# How long until Chlamydophilosis clears up?



## jackiem (Nov 4, 2015)

My little boy has come down with Chlamydophilosis. His eye became infected last week so I took him to the avian vet on Saturday and his infected eye was still black but today it has gone red  I am giving him medicine called Sulfatrim orally, but he doesn't open his mouth willingly now he knows that when I pick him up it means medicine! Does it get worse before it gets better or is it a slow process?

Any advice on anyone else's budgies who have had Chlamydophilosis would be really helpful because I'm worried about him. I think I'm being too impatient as he's only been having medicine for a couple of days.


----------



## Impeckable (May 11, 2013)

Hi Jackie
Sadly I can't be any help because my knowledge of chlamydophilosis is very limited, all I have read is that sadly it can be fatal, and it can be passed on to humans, for this reason you will need the advice of our resident experts who I'm sure will advise you shortly.
Pete


----------



## Cody (Sep 5, 2013)

Hi Jackie,

Are you aware that Chlamydiosis, also known as Psittacosis can be transmitted to humans? Please consult your vet about any precautions you need to take. I don't know how long it takes to clear, here is a link to an article about the disease and its treatment.
http://nilesanimalhospital.com/files/2012/05/Chlamydiosis-New.pdf


----------



## jackiem (Nov 4, 2015)

Yes the vet has warned us. We've been washing our hands everytime we handle him. It's not easily caught is it?


----------



## Jonah (Feb 3, 2013)

I have not dealt with it but we have members here who have. Treatment takes time and you must keep the bird away from all other bird's for month's of treatment and re testing to ensure it is gone. Read as much as you can about the disease. Captain Howdy is one of our members here who has dealt with this and hopefully she can weigh in with some advice, or you can PM her.


----------



## CaptainHowdy (Feb 9, 2010)

Yup i have dealt with this a couple of times.
Firstly if you have other birds you MUST treat all of them at the same time! If one bird is shedding it at any point they will reinfect everyone else.

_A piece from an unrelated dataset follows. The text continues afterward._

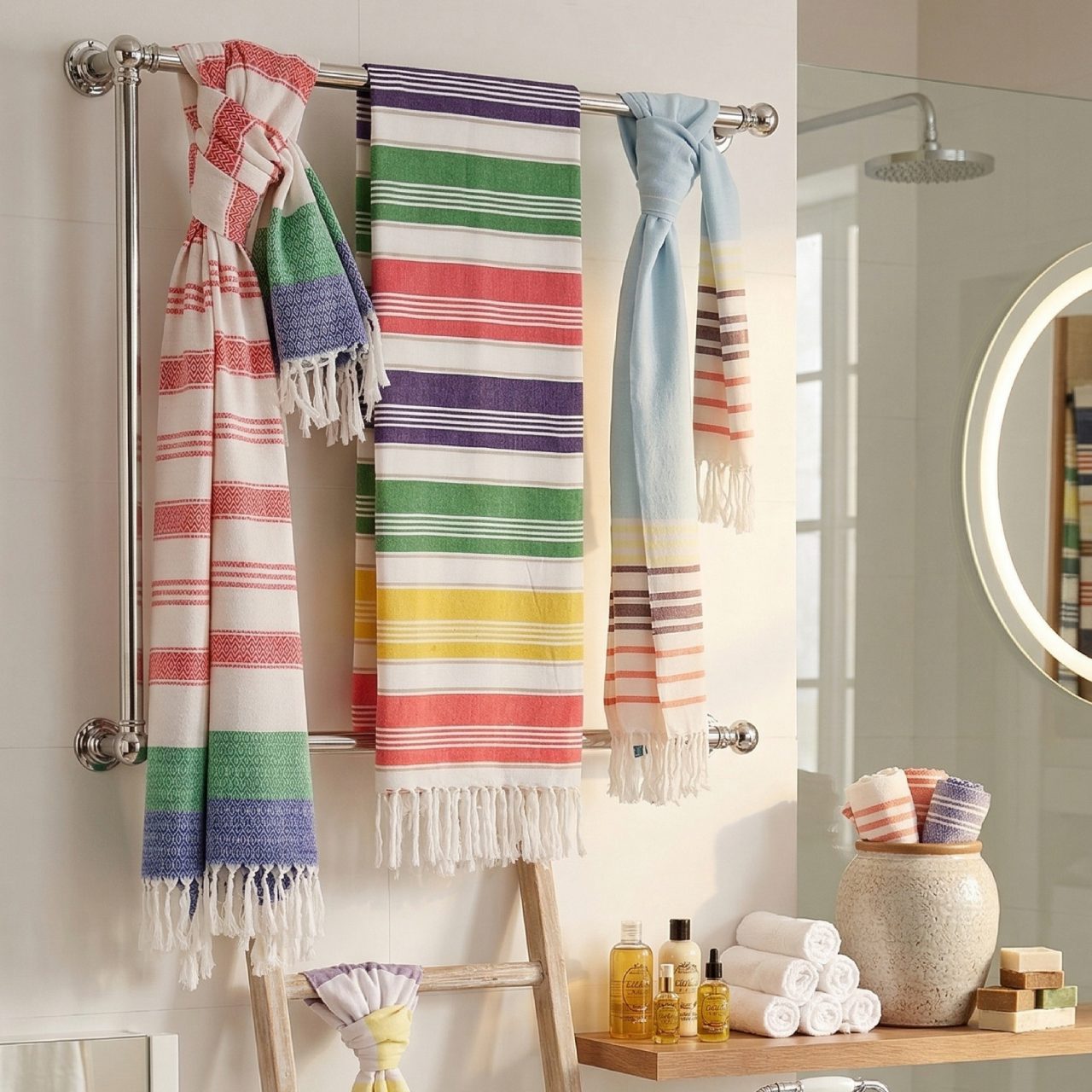 A lightweight, quick-drying peshtemal towel designed with vibrant stripe patterns and soft woven texture. Perfect for both bath and beach use, combining functionality with a stylish, contemporary look.

Next up i am not aware of that drug being used for psittacosis. Treatment of choice is normally a tetracycline with doxycycline being the one ive always known used.
It is a 6 week treatment. If injections used these are once a week. Orally and water based are daily meds.
If your having trouble with the oral medicine see if your vet will move onto the water based doxycylcline. You can get it in satchets called ornicure normally has a picture of a pigeon on the front.
After the 6 week treatment you need to wait 3 months before retesting to check if youve cleared the infection. Always test by blood not faecal sample as you can get false negatives with a faecal sample.

It is very important to not give any calcium supplements whilst treating. The calcium binds to the antibiotic and stops it working.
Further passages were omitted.